A standard framing of RLHF is that it “teaches” a model to prefer certain outputs — that fine-tuning instills something new. A paper submitted to arXiv on May 28 by Andy Q Han, David J. Chalmers, and Pavel Izmailov pushes back on that framing in a technically precise way. The paper (“How’s it going? Reinforcement learning in language models recruits a functional welfare axis”) is 81 pages with 43 figures and 32 tables, and its core finding is worth sitting with: RL doesn’t create the reward/punishment axis — it recruits a version that already exists.

The methodology is careful. The researchers trained language models in a semantically neutral maze environment and extracted concept vectors for rewarded and punished trajectories. They then probed those vectors in completely unrelated settings — natural language tasks with no connection to maze navigation. The reward and punishment vectors were nearly antiparallel in representation space. The punishment vector promoted failure tokens, aligned with negative emotion probes, negatively tracked goal achievement, and induced what the authors call “negative self-reports, pathological backtracking, refusal, and uncertainty.” The reward vector had the opposite effect across each dimension.

What clinches the “recruits rather than creates” claim is the baseline test: the welfare vectors were effective even in models that hadn’t undergone any maze training. The axis was already there before RL touched the model. Post-training doesn’t install new representations for reward and aversion; it amplifies and sharpens structures that pretraining had already laid down, presumably because those structures are latent in the training data’s semantics.

The results held across different RL algorithms, model families, and training configurations, which suggests this is a robust structural feature of how reward learning interacts with pretrained representations, not an artifact of any particular setup.

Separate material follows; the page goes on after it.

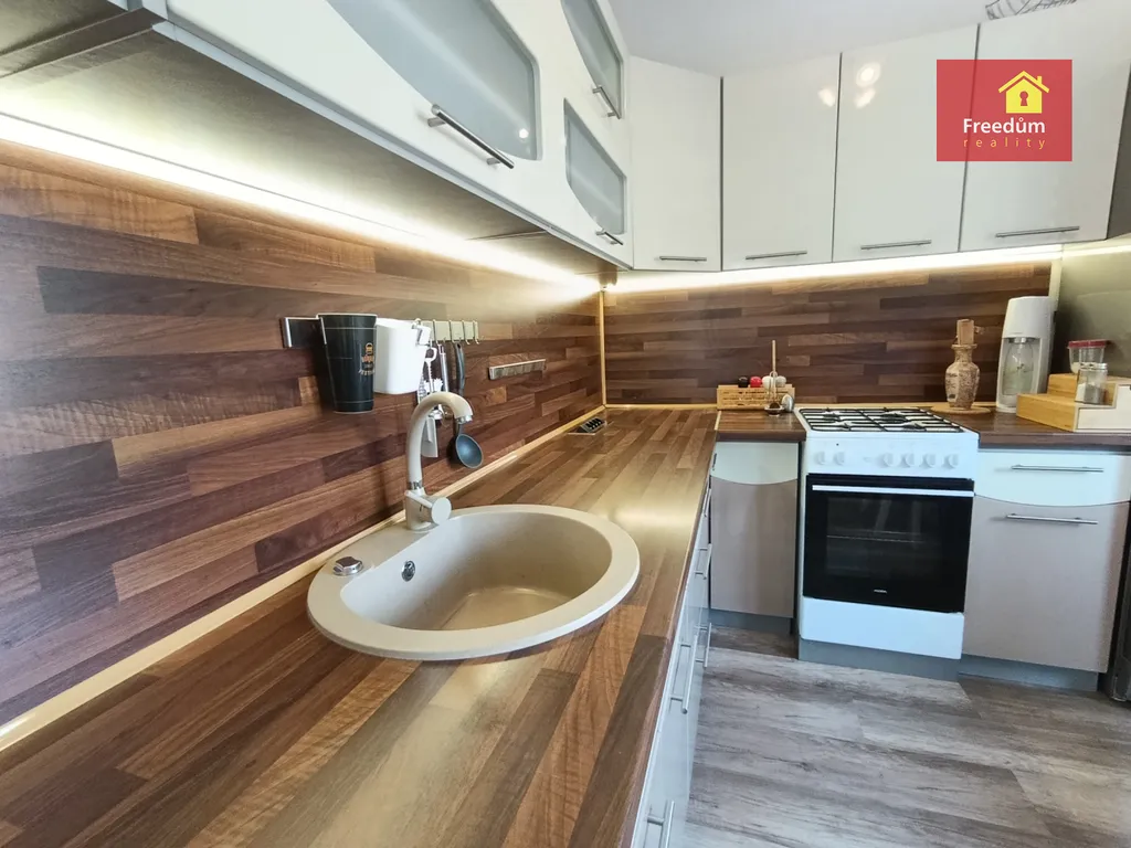 Byt o dispozici 2+1 s balkonem, situovaný ve 3. patře zatepleného domu. Byt je po rekonstrukci, zařízení dle dohody. K dispozici jsou vestavěné skříně, zrekonstruované jádro, koupelna s vanou a samostatné WC. Součástí je také vybavená kuchyňská linka.

Chalmers (NYU philosopher, best known for the “hard problem of consciousness”) is careful about what not to claim. The paper explicitly states: “we make no claims about any experience of welfare.” This is the right epistemic posture. The authors are doing interpretability work, not consciousness research, and they’re describing functional structure — representations that behave in welfare-like ways — rather than making claims about subjective states. The name “functional welfare axis” is doing real conceptual work: it means a representation with the right causal structure, not the right phenomenology.

Why does this matter practically? A few reasons. First, it reframes what RLHF is doing: if reward learning recruits pre-existing structure rather than creating new structure, the properties of the pretrained base matter more than we might have assumed. A model with strong latent representations of negative states will behave differently under RL than one without, and those differences are hard to see without this kind of interpretability work. Second, it raises questions about what other axes are pre-existing in base models and getting activated by different fine-tuning regimes — not just reward, but other behaviorally significant dimensions. Third, and most concretely for alignment work, it complicates the usual story that RLHF is a reliable steering mechanism: if you’re amplifying existing structure rather than writing new structure, the method’s behavior will depend heavily on what was in the pretraining distribution.

Izmailov’s affiliation with Anthropic (and NYU) makes this more than a purely academic exercise. The kinds of representations described here are directly relevant to understanding model behavior under RLHF, and the fact that they pre-exist training suggests the problem of characterizing them belongs as much to pretraining research as to post-training research.